SIGNIFICANCE AND USE
5.1 The design of a controlled temperature bath will determine what thermometers can be calibrated and to what extent an isothermal condition is achieved. The lack of thermal stability and uniformity of the bath are sources of error that contribute to the overall calibration uncertainty.  
5.2 This guide describes a procedure for determining the effective working space for a controlled temperature fluid bath.  
5.3 This guide describes a procedure for determining the thermal stability within a controlled temperature fluid bath. Overall thermal stability is composed of the bath performance as specified by the manufacturer of the bath equipment and as a component of calibration uncertainty.  
5.4 This guide describes a procedure for determining the temperature uniformity of the working space of the controlled temperature fluid bath.
SCOPE
1.1 This guide is intended for use with controlled temperature comparison baths that contain test fluids and operate within the temperature range of –100 °C to 550 °C.  
1.2 This guide describes the essential features of controlled temperature fluid baths used for the purpose of thermometer calibration by the comparison method.  

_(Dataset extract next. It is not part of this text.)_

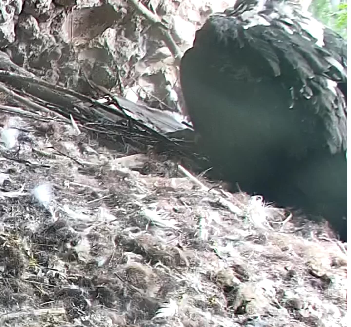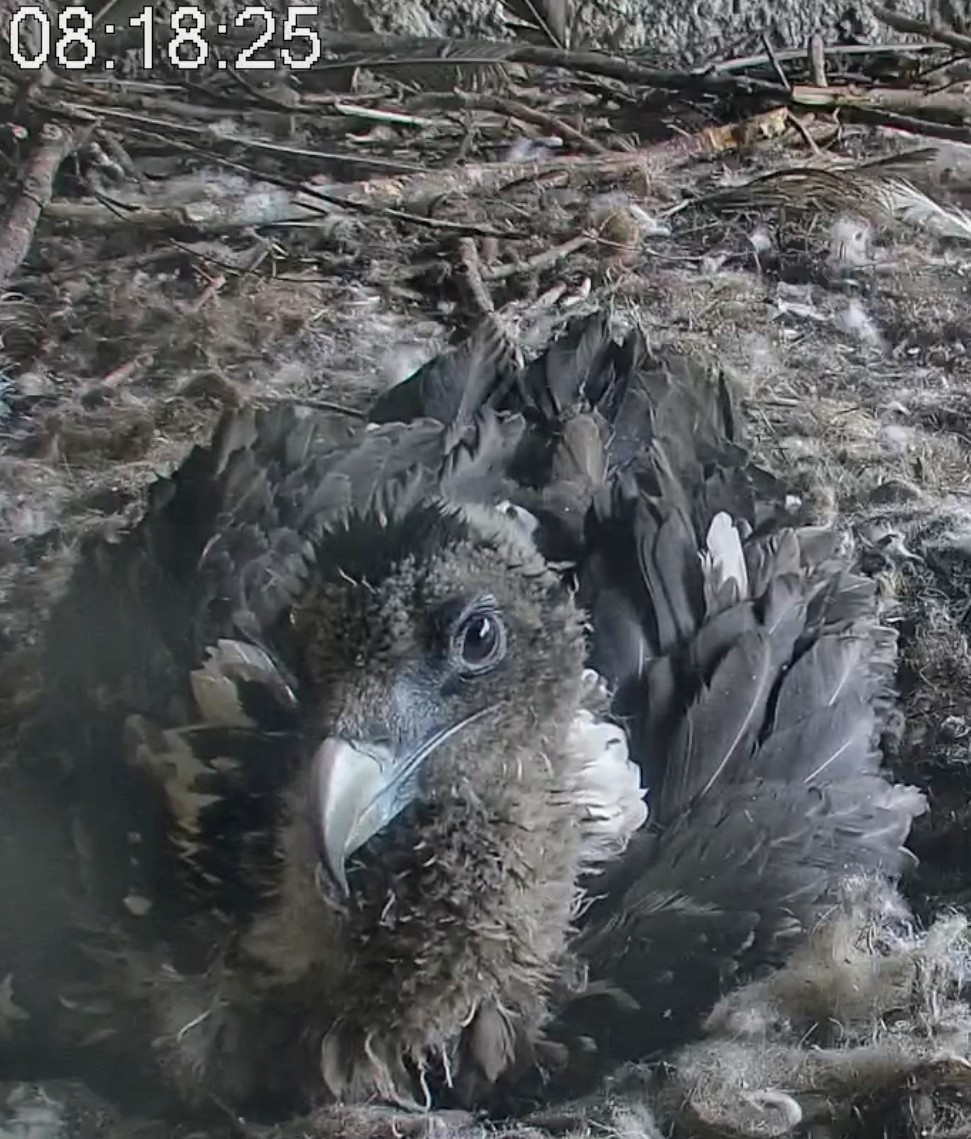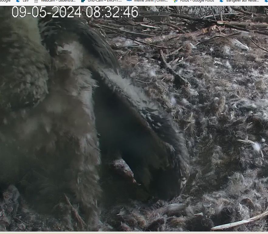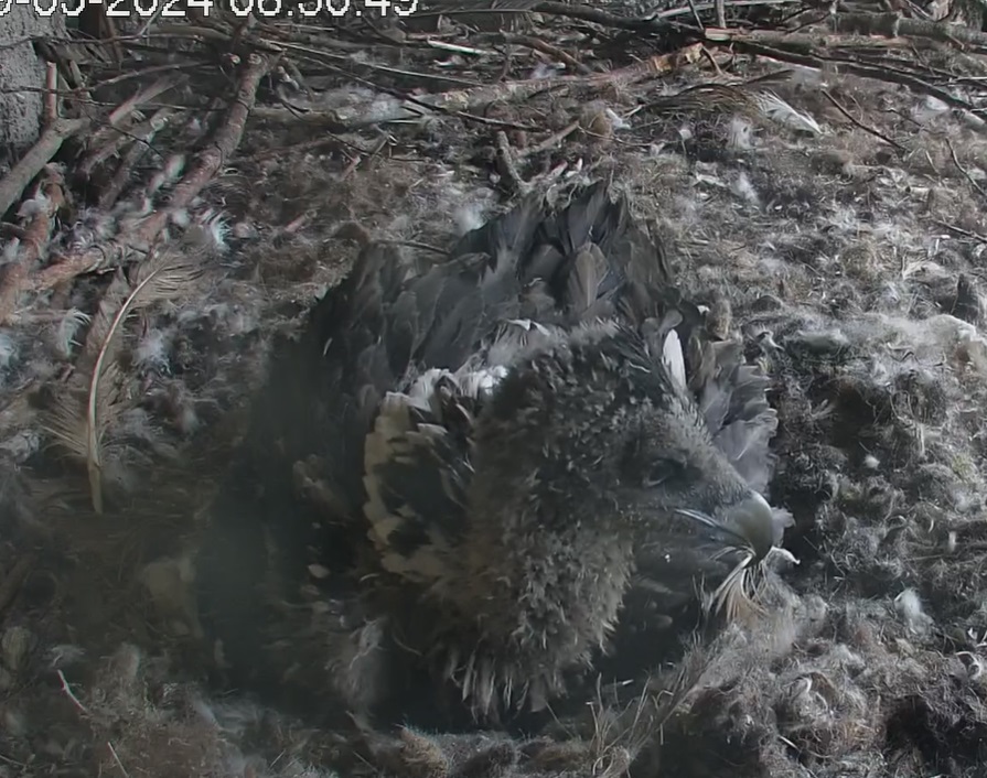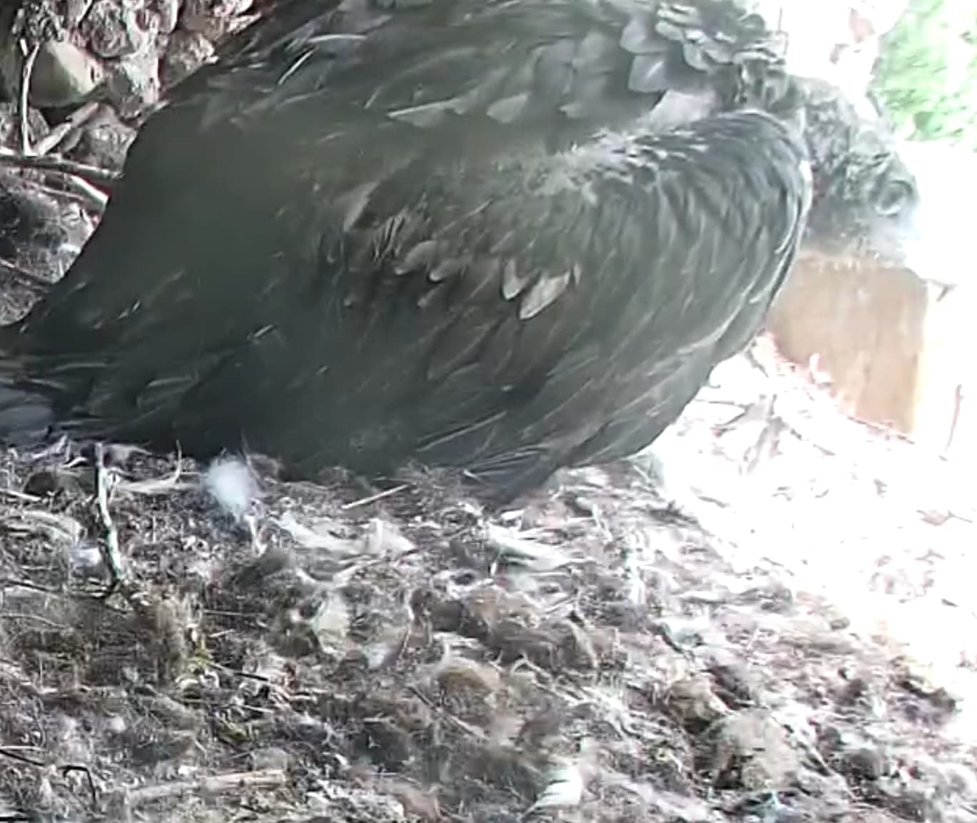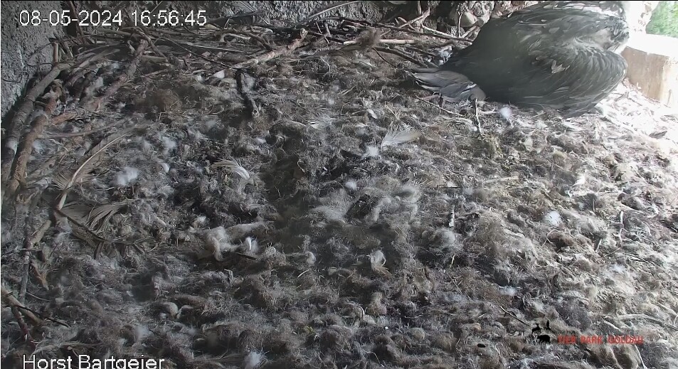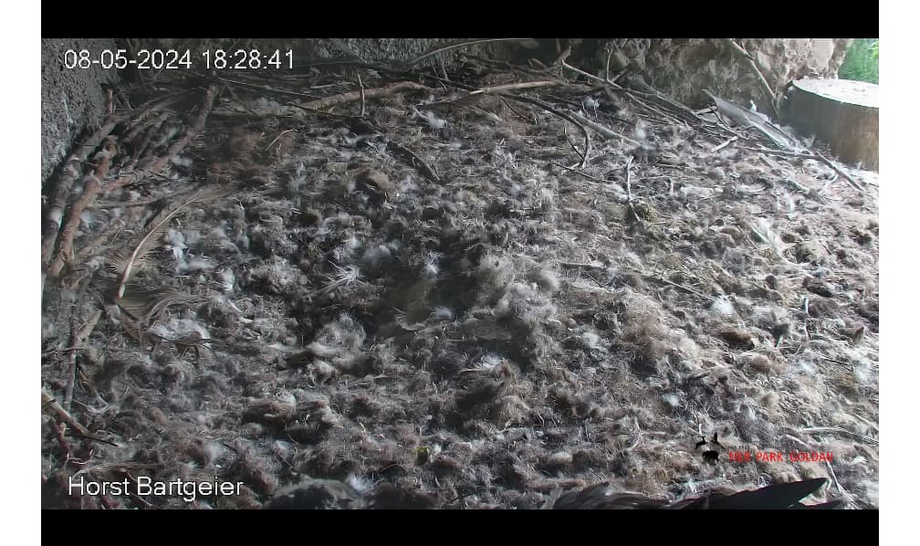 Heute morgen wird mit dem Schnabel geübt. Bartili zerlegt u.a. eine Feder unter den wachsamen Augen von Hans und marschiert Richtung Ansitz. Später räumt Hans seinen Platz und Bartili kann wieder in seine Schlafmulde, sich ausruhen.

1.3 This guide does not address the details on the design and construction of controlled-temperature fluid baths.  
1.4 This guide describes a method to define the working space of a bath and evaluate the temperature variations within this space. Ideally, the working space will be as close as possible to isothermal.  
1.5 This guide does not address fixed point baths, ice point baths, or vapor baths.  
1.6 This guide does not address fluidized powder baths.  
1.7 This guide does not address baths that are programmed to change temperature.  
1.8 The values stated in SI units are to be regarded as standard. No other units of measurement are included in this standard.  
1.9 This standard does not purport to address all of the safety concerns, if any, associated with its use. It is the responsibility of the user of this standard to establish appropriate safety, health, and environmental practices and determine the applicability of regulatory limitations prior to use.  
1.10 This international standard was developed in accordance with internationally recognized principles on standardization established in the Decision on Principles for the Development of International Standards, Guides and Recommendations issued by the World Trade Organization Technical Barriers to Trade (TBT) Committee.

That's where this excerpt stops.